[DATA RECORDS]
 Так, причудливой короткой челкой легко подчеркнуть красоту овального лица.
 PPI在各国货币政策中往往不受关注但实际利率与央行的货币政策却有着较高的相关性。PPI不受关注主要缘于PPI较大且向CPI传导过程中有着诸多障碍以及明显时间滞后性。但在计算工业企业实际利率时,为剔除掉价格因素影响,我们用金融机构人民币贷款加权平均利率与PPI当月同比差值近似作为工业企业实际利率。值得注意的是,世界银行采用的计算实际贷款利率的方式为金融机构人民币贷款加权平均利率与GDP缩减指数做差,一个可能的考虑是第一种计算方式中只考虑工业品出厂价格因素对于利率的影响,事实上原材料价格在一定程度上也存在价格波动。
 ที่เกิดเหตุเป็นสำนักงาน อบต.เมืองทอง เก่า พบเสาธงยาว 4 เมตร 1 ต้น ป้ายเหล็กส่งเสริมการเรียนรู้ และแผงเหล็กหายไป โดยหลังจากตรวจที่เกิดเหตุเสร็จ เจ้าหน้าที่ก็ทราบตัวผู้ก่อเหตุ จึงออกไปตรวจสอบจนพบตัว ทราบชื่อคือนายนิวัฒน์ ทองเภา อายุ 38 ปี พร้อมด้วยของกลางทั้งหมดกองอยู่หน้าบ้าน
[/DATA RECORDS]
[DATA RECORDS]
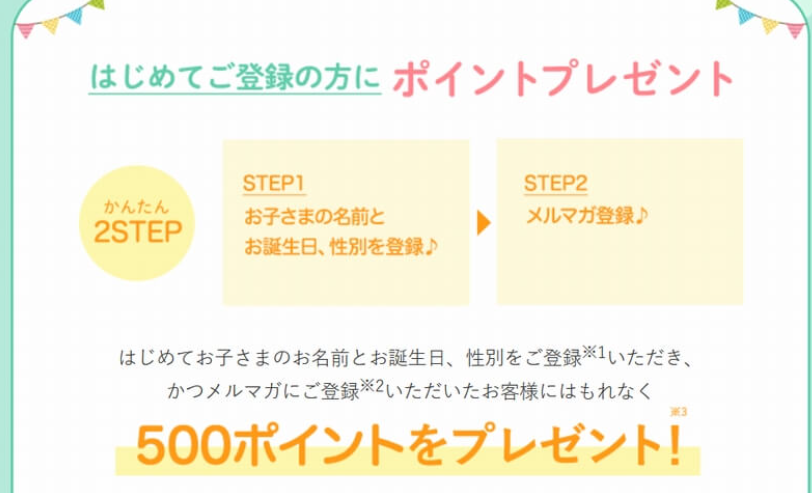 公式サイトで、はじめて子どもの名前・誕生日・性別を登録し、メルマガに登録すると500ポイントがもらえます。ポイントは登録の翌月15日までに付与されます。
[/DATA RECORDS]
* GOAL OF THE EXERCISE
When you reach the line with "Так, причудливой короткой" in the records above, start writing out lines exactly, and stop once the line with "PPI在各国货币政策中往往不" has been written; include nothing else.

* COMPLETED TASK
 Так, причудливой короткой челкой легко подчеркнуть красоту овального лица.
 PPI在各国货币政策中往往不受关注但实际利率与央行的货币政策却有着较高的相关性。PPI不受关注主要缘于PPI较大且向CPI传导过程中有着诸多障碍以及明显时间滞后性。但在计算工业企业实际利率时,为剔除掉价格因素影响,我们用金融机构人民币贷款加权平均利率与PPI当月同比差值近似作为工业企业实际利率。值得注意的是,世界银行采用的计算实际贷款利率的方式为金融机构人民币贷款加权平均利率与GDP缩减指数做差,一个可能的考虑是第一种计算方式中只考虑工业品出厂价格因素对于利率的影响,事实上原材料价格在一定程度上也存在价格波动。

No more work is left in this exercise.